=== DATA ===
* * * * * * *

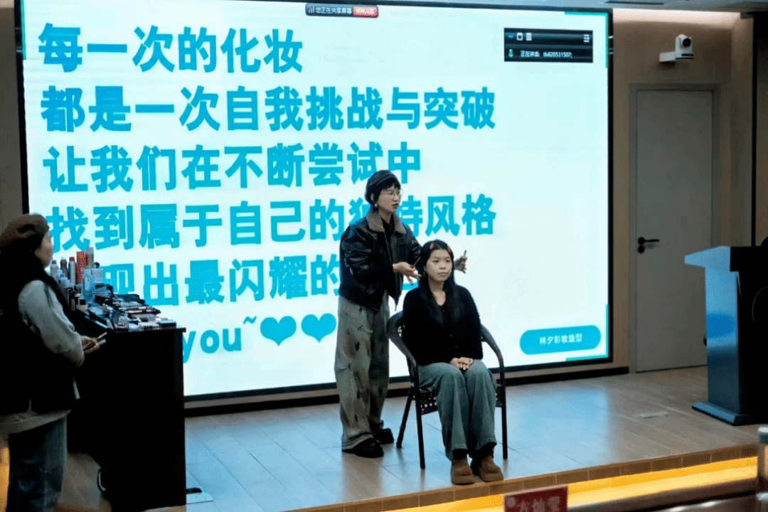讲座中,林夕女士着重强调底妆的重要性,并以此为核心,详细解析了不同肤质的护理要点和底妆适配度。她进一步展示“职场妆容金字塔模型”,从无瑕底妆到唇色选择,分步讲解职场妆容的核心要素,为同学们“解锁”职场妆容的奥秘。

* * * * * * *

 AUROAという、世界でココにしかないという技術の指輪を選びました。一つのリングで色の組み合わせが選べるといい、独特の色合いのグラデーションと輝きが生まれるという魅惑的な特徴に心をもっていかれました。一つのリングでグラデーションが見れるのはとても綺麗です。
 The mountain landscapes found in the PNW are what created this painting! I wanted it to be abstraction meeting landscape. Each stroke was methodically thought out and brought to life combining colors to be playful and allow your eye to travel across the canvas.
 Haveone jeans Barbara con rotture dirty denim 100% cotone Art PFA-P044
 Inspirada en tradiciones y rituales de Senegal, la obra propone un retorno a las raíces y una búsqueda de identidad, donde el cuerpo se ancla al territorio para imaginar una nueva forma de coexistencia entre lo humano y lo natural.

* * * * * * *

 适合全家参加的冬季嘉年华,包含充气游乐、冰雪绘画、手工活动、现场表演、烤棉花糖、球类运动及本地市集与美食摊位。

* * * * * * *

=== YOUR TASK ===
Would you output, from the records above, exactly the run of lines that starts at the line containing "AUROAという、世界でココ" and ends at the line containing "Haveone jeans Barbara", and only that run?

=== WRITTEN ANSWER ===
 AUROAという、世界でココにしかないという技術の指輪を選びました。一つのリングで色の組み合わせが選べるといい、独特の色合いのグラデーションと輝きが生まれるという魅惑的な特徴に心をもっていかれました。一つのリングでグラデーションが見れるのはとても綺麗です。
 The mountain landscapes found in the PNW are what created this painting! I wanted it to be abstraction meeting landscape. Each stroke was methodically thought out and brought to life combining colors to be playful and allow your eye to travel across the canvas.
 Haveone jeans Barbara con rotture dirty denim 100% cotone Art PFA-P044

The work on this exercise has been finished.